The Ultimate China Bookshelf #47: Kang Zhengguo’s Confessions:
An innocent life in Communist China
“A mesmerizing read... Like a character in a picaresque novel, Mr. Kang stumbles from one misadventure to the next, his big mouth and relaxed habits ensuring disaster at every turn... Mr. Kang serves as an extraordinary guide through an extraordinary period of Chinese history.” – New York Times
"A wonderful book, the detailed coming-of-age accounts will capture teens interested in Chinese history and culture.” – Booklist
“The author's rugged individualism takes his story beyond the usual narrative of persecution and hardship, making it an incisive, personal critique of China.” Publishers Weekly
"A haunting, frightening and ultimately inspiring story, told in sturdy, unadorned prose." –Kirkus
Author Bio:
Kāng Zhèngguǒ 康正果 was born in 1943. Despite the interruption to his education caused by the Cultural Revolution and his expulsion from university in 1965, Kang eventually gained an MA in 1987 from Shaanxi Teachers University.

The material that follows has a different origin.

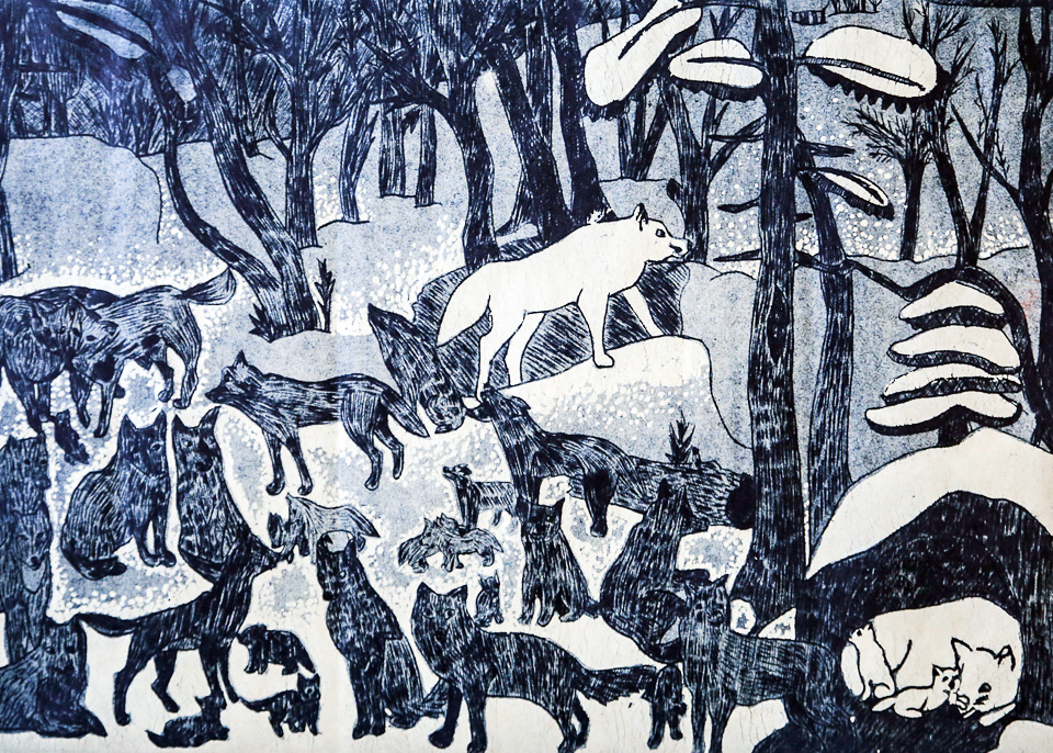 Юлия Козлова, 14 лет. Стая белого волка. Гравюра на картоне. Педагог Л.С. Петелина (ДХШ № 1)

Kang is also the author of Lu Meng (Deer Dreams, 1999), Feminism and Literature (1994), and A Study of Classical Chinese Poetry on Women and by Women (1988) — all yet to be translated into English. Kang was involved in the Tiananmen protests of 1989 and eventually left China. He became a senior lector of Chinese at Yale University in 1984. He lives in New Haven, Connecticut.
The Book in 150 words:
An intimate memoir (translated by Susan Wilf) of everyday life and Communist power from the first days following the establishment of the PRC in 1949 through the Tiananmen Square protests and after. Kang Zhengguo, born into a professional family, grows up a free spirit finding himself drawn to literature. But in Mao's China, his background and interests are enough to condemn him at a young age to a fierce struggle session, expulsion from university, and a four-year term of hard labor in Xian's Number Two Brickyard. Kang then catalogs his extended internment in the Maoist prison camp system. At twenty-eight he is adopted by an aging bachelor in a peasant village, which enables him to start a new life. Rehabilitated after Mao's death, Kang finds himself still subject to the recurring nightmare of Party authority.